What you should do: No pictures, please. Copy exactly the lines from the one with "Warm comforter for" through the final line below.
── Input data
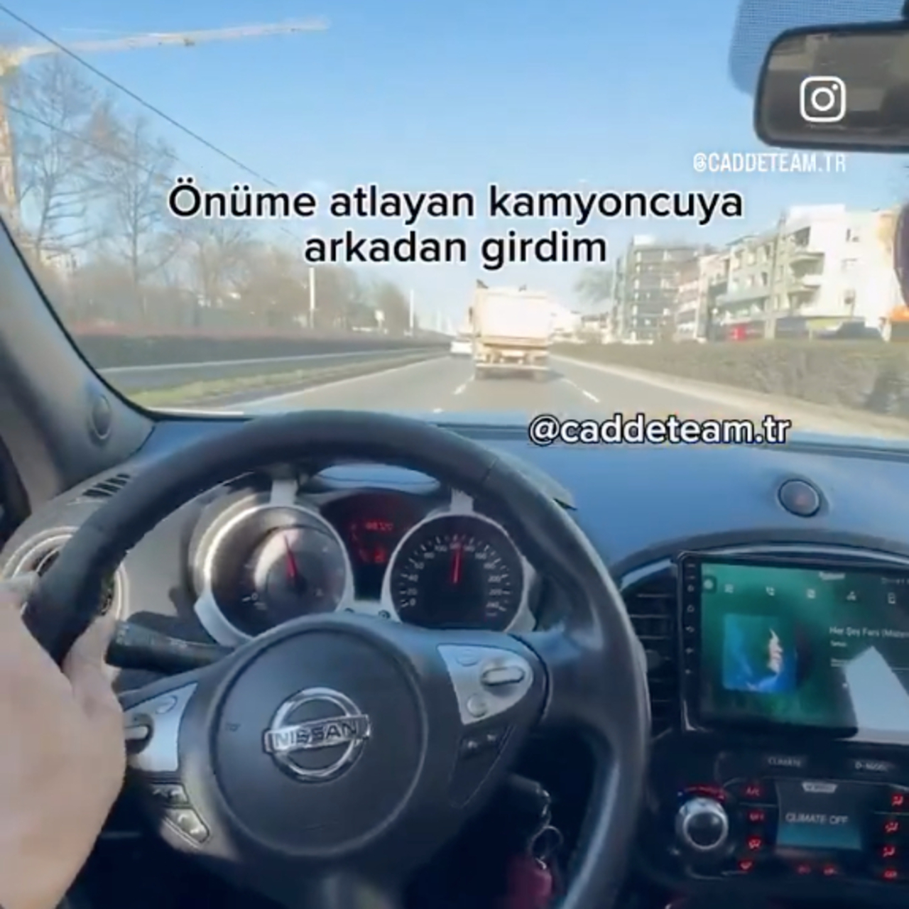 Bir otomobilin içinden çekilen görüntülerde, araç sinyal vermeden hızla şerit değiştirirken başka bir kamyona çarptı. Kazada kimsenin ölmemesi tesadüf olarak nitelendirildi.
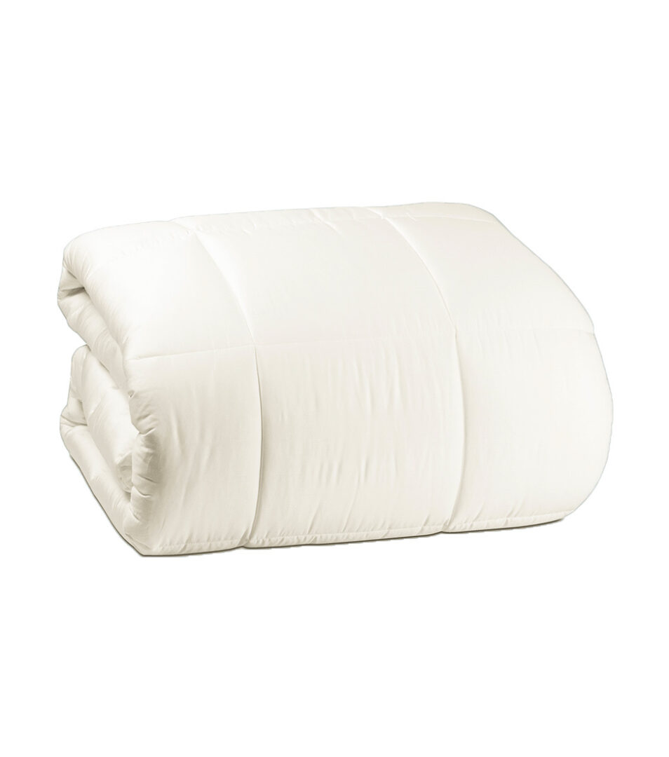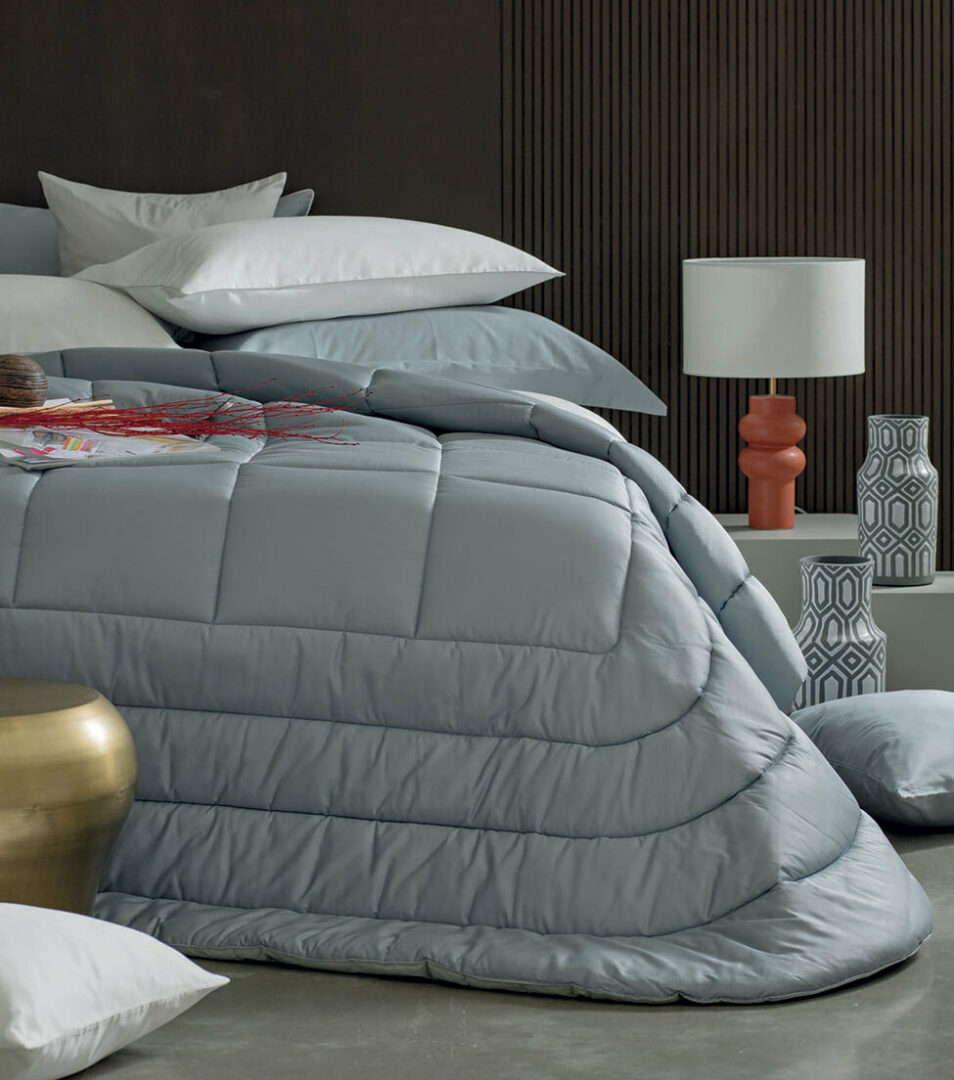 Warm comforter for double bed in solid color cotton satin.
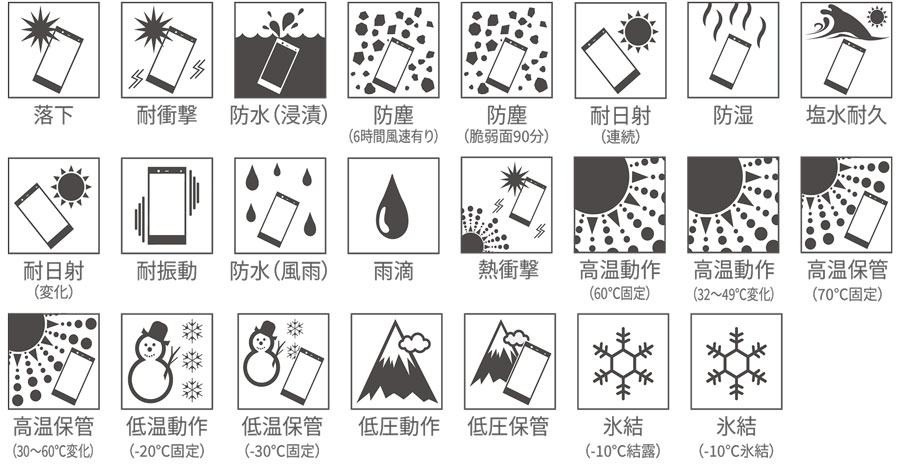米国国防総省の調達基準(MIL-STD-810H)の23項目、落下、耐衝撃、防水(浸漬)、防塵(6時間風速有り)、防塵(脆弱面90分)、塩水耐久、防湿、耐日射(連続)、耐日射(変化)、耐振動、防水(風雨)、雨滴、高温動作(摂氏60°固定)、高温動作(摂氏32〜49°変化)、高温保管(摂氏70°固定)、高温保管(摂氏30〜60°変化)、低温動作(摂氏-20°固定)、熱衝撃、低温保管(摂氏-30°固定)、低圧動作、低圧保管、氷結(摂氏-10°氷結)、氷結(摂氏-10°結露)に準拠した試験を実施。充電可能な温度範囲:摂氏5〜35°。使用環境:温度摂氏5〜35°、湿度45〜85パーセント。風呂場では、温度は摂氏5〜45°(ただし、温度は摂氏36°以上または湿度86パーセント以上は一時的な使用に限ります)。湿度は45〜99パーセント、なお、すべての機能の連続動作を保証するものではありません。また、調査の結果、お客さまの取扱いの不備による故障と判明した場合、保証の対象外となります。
────
Written answer:
 Warm comforter for double bed in solid color cotton satin.
米国国防総省の調達基準(MIL-STD-810H)の23項目、落下、耐衝撃、防水(浸漬)、防塵(6時間風速有り)、防塵(脆弱面90分)、塩水耐久、防湿、耐日射(連続)、耐日射(変化)、耐振動、防水(風雨)、雨滴、高温動作(摂氏60°固定)、高温動作(摂氏32〜49°変化)、高温保管(摂氏70°固定)、高温保管(摂氏30〜60°変化)、低温動作(摂氏-20°固定)、熱衝撃、低温保管(摂氏-30°固定)、低圧動作、低圧保管、氷結(摂氏-10°氷結)、氷結(摂氏-10°結露)に準拠した試験を実施。充電可能な温度範囲:摂氏5〜35°。使用環境:温度摂氏5〜35°、湿度45〜85パーセント。風呂場では、温度は摂氏5〜45°(ただし、温度は摂氏36°以上または湿度86パーセント以上は一時的な使用に限ります)。湿度は45〜99パーセント、なお、すべての機能の連続動作を保証するものではありません。また、調査の結果、お客さまの取扱いの不備による故障と判明した場合、保証の対象外となります。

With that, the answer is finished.